## [SUPPLIED RECORDS]
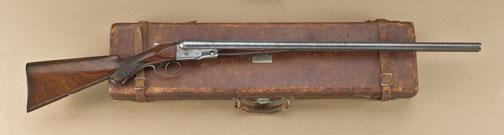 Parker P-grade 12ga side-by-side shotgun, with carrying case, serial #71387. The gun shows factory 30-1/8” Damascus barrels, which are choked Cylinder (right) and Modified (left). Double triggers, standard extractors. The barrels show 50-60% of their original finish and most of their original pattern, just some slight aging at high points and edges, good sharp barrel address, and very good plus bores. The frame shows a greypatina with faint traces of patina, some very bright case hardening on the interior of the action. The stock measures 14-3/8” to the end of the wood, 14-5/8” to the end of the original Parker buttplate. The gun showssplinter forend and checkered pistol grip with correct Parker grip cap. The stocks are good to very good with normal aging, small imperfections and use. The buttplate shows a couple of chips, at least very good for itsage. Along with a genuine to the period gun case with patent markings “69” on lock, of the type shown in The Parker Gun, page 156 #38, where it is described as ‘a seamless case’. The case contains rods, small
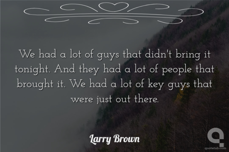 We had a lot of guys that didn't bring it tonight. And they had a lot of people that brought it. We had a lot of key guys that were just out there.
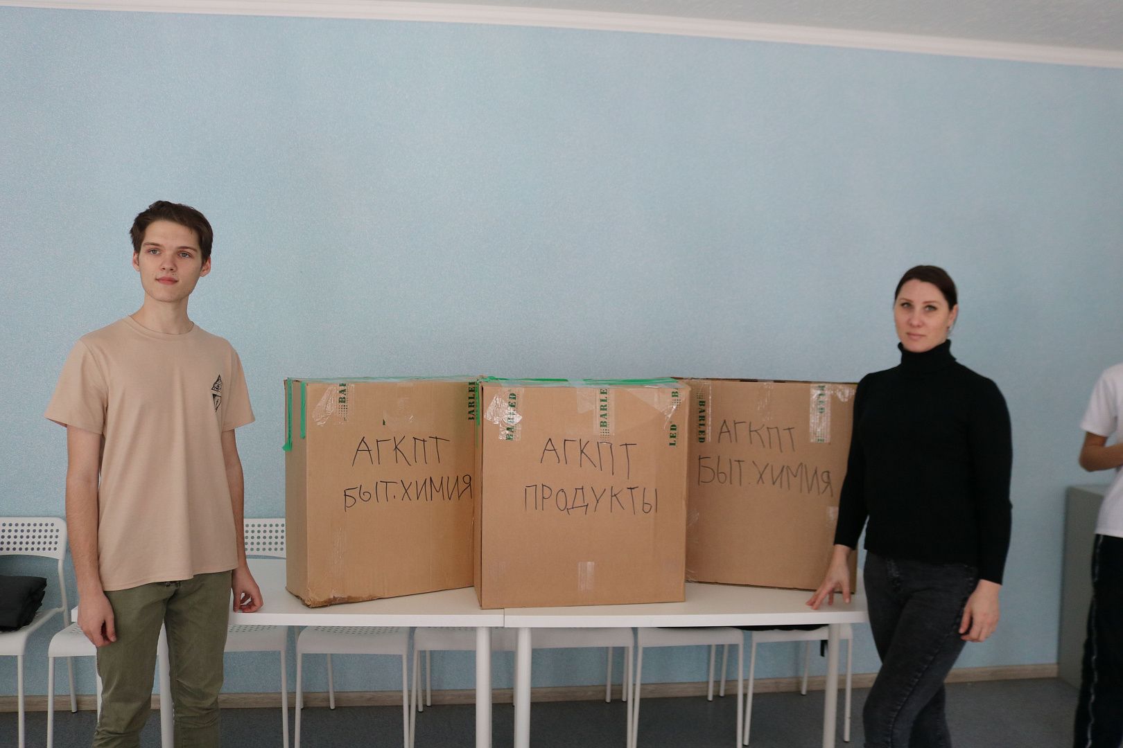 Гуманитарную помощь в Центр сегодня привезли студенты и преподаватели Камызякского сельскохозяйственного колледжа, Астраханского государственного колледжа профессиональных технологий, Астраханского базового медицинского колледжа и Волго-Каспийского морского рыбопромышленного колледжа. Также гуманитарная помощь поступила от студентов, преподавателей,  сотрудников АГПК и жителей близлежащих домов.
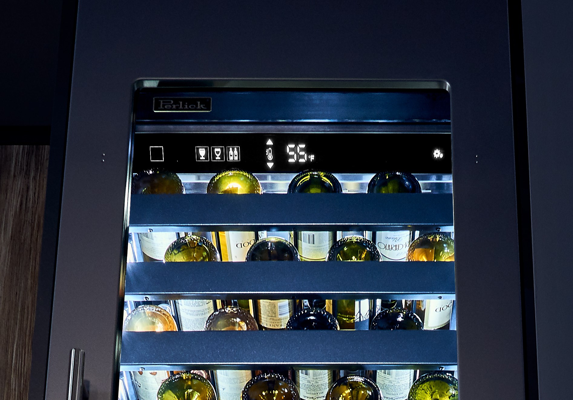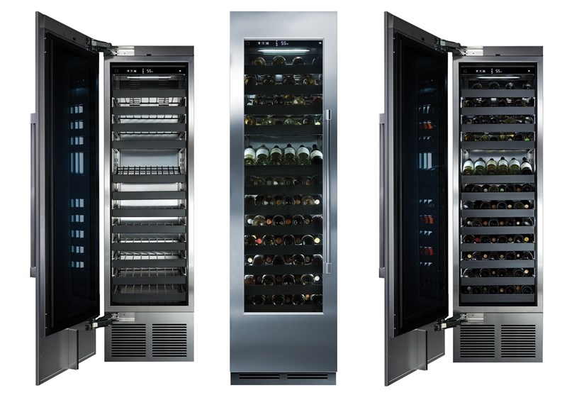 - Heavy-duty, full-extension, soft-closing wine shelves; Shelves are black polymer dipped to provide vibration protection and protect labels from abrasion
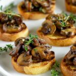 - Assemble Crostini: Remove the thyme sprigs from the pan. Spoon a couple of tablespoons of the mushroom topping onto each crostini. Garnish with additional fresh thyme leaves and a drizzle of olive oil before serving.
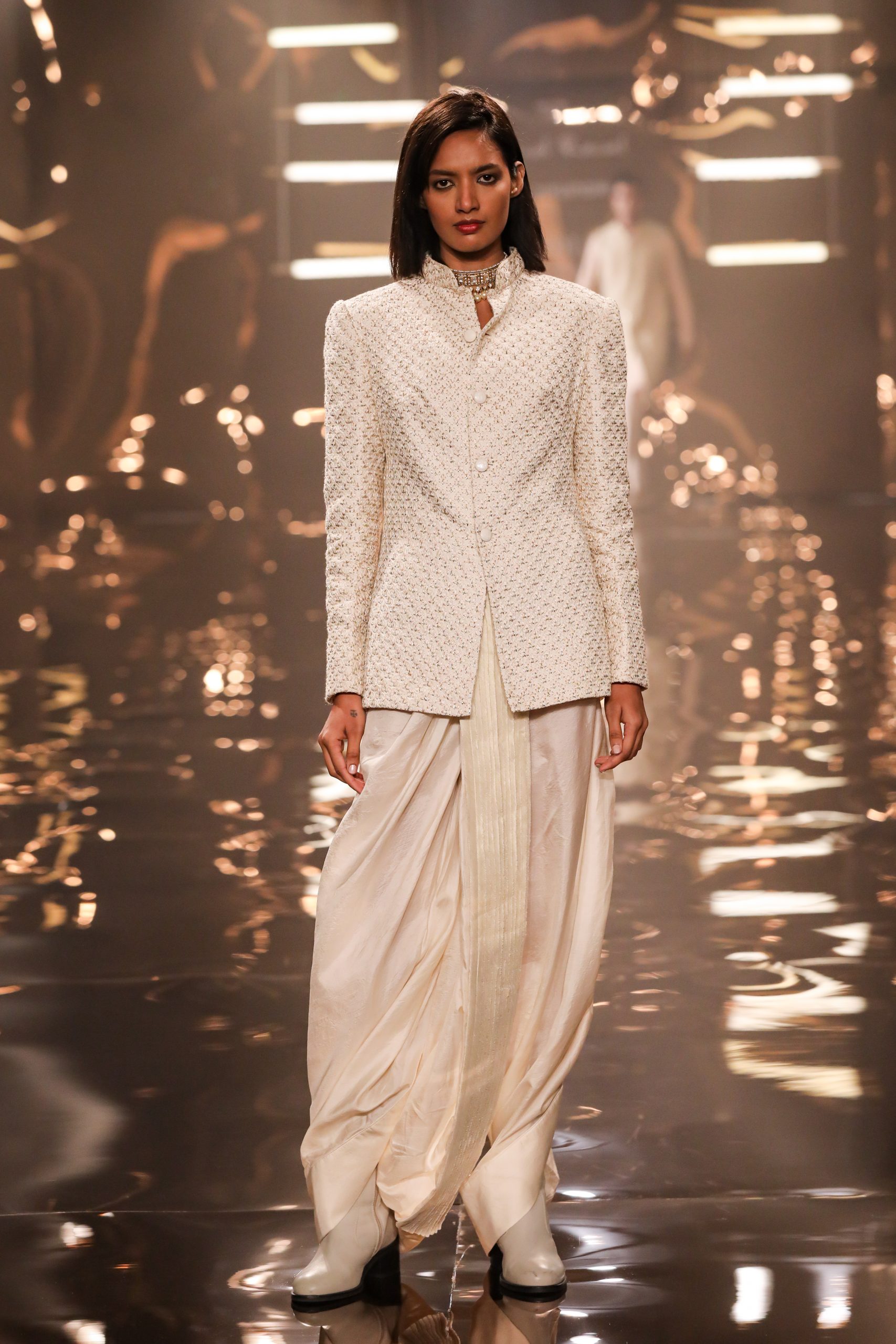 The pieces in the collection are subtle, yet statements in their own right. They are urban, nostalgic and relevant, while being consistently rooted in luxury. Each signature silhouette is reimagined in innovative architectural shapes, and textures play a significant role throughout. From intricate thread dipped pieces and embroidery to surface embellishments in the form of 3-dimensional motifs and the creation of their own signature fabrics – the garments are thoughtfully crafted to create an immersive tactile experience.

---

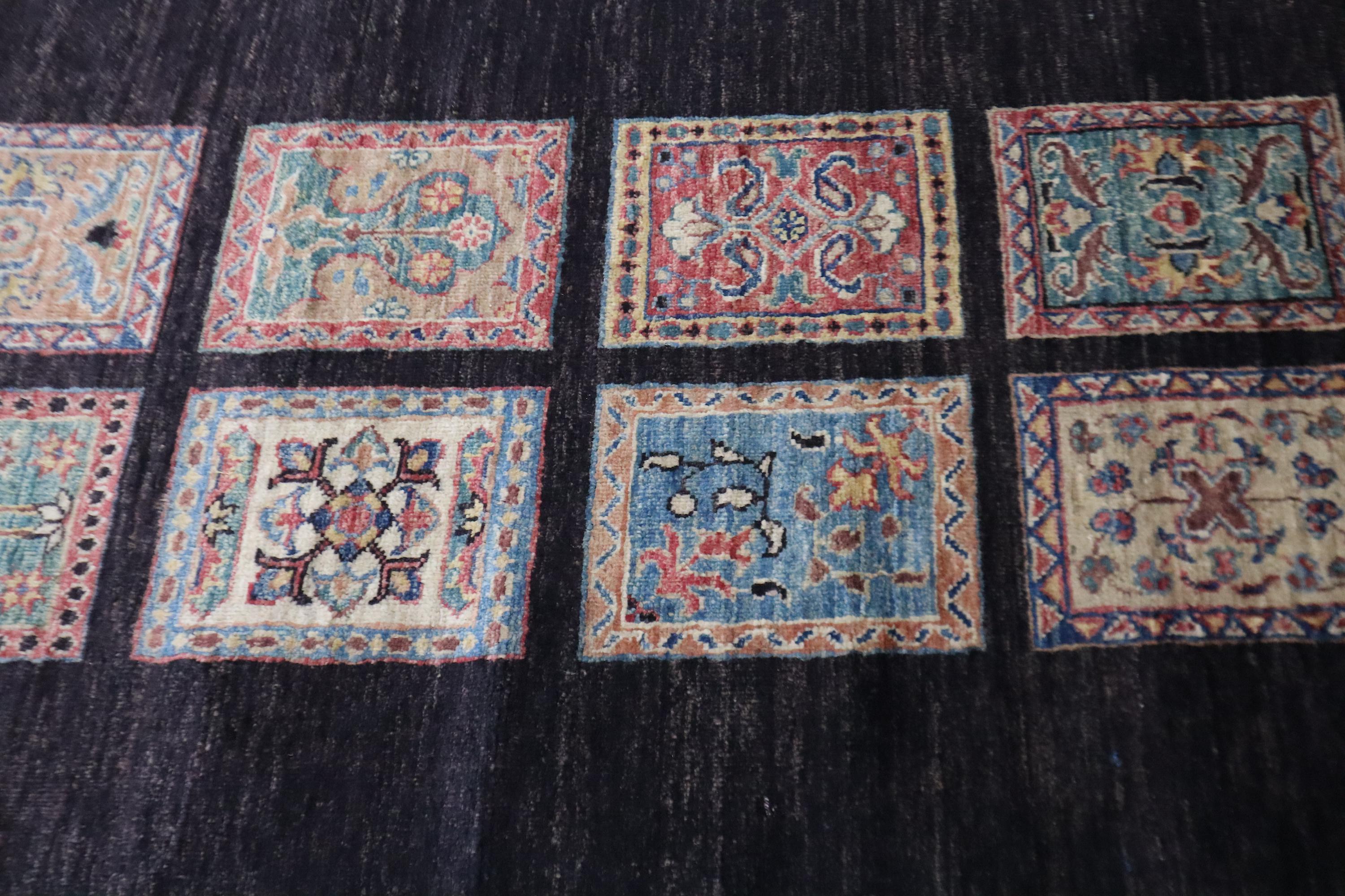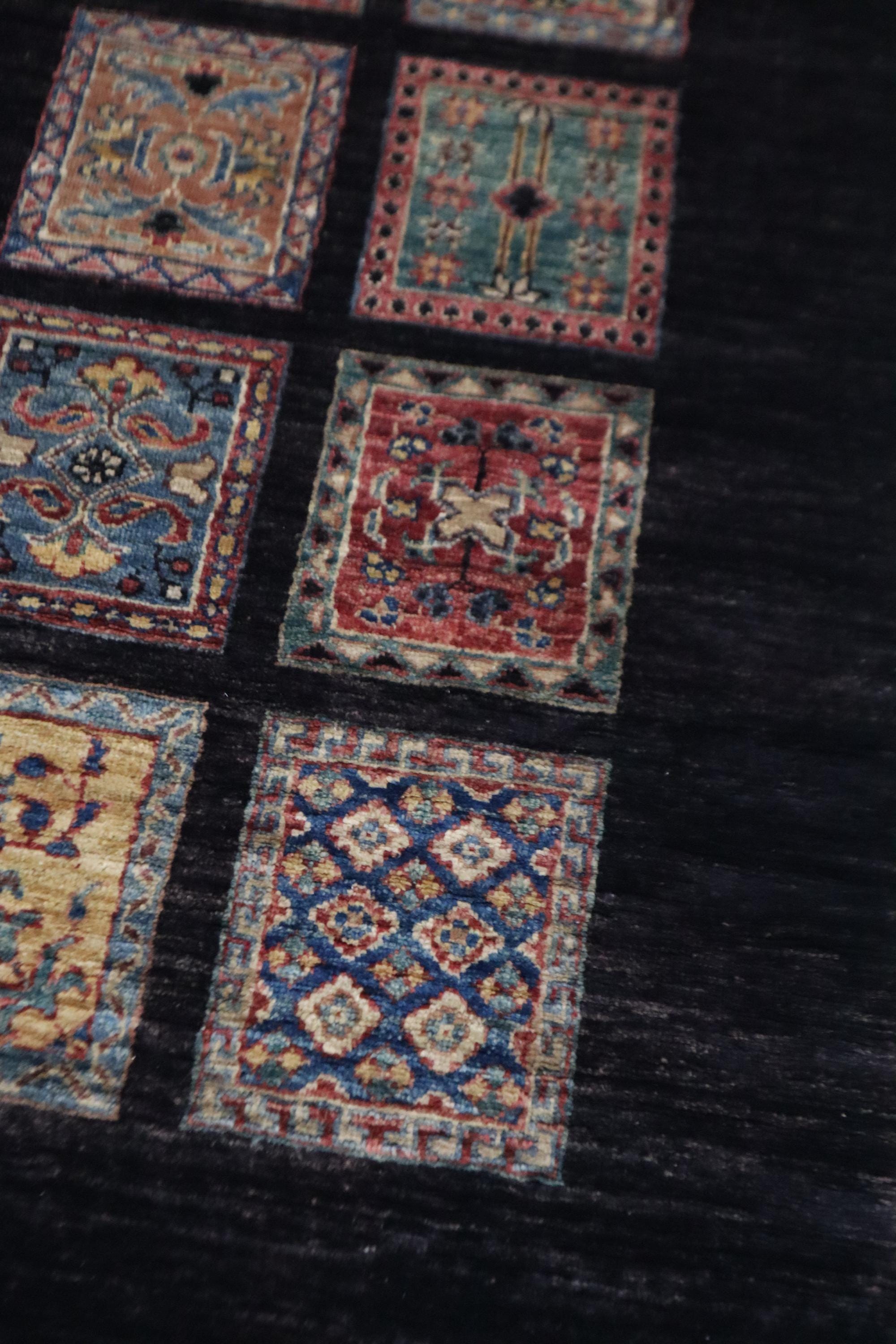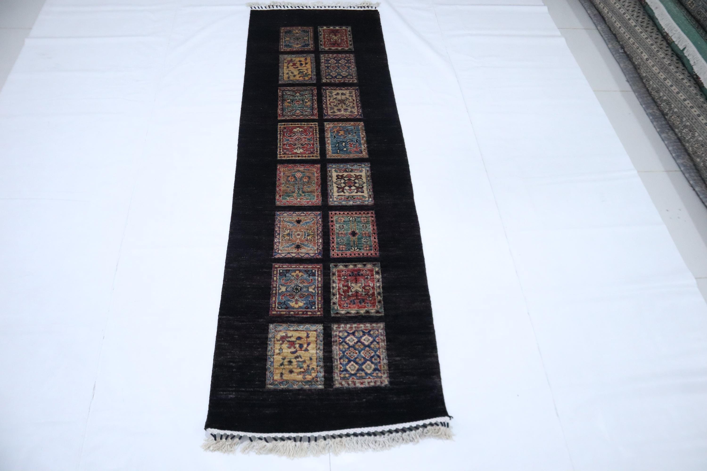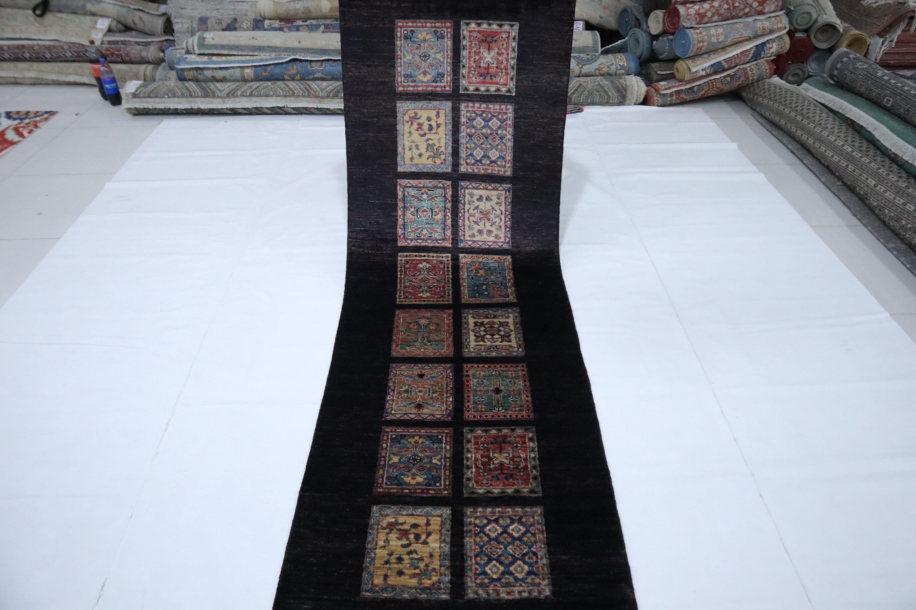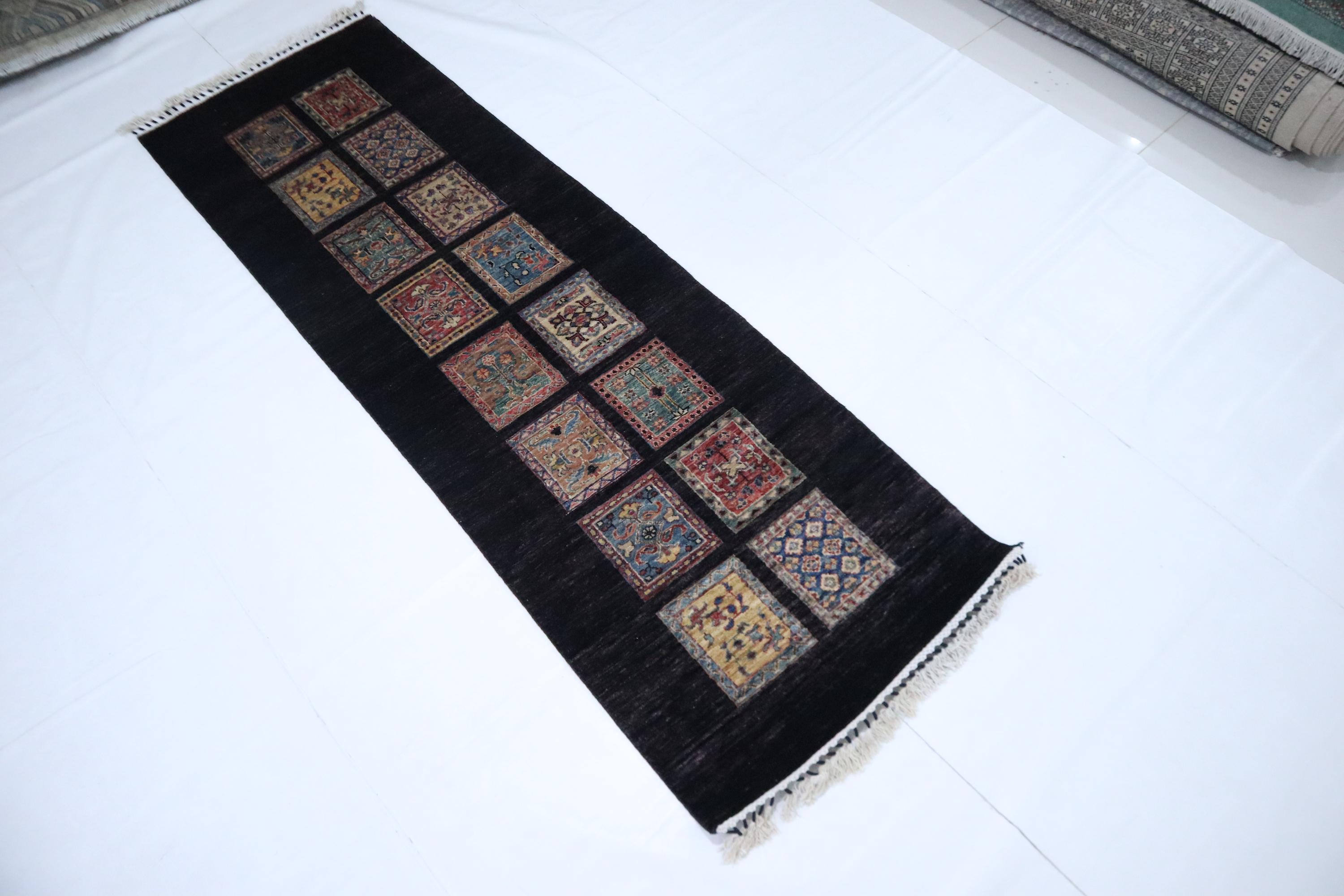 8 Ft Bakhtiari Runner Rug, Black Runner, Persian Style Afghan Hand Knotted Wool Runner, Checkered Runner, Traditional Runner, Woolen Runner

## [TASK ITEM]
Working from the entries above, reproduce exactly and only the lines beginning with the line that has "- Assemble Crostini: Remove" and ending with the line that has "The pieces in"; omit all pictures.

## [YOUR SOLUTION]
 - Assemble Crostini: Remove the thyme sprigs from the pan. Spoon a couple of tablespoons of the mushroom topping onto each crostini. Garnish with additional fresh thyme leaves and a drizzle of olive oil before serving.
 The pieces in the collection are subtle, yet statements in their own right. They are urban, nostalgic and relevant, while being consistently rooted in luxury. Each signature silhouette is reimagined in innovative architectural shapes, and textures play a significant role throughout. From intricate thread dipped pieces and embroidery to surface embellishments in the form of 3-dimensional motifs and the creation of their own signature fabrics – the garments are thoughtfully crafted to create an immersive tactile experience.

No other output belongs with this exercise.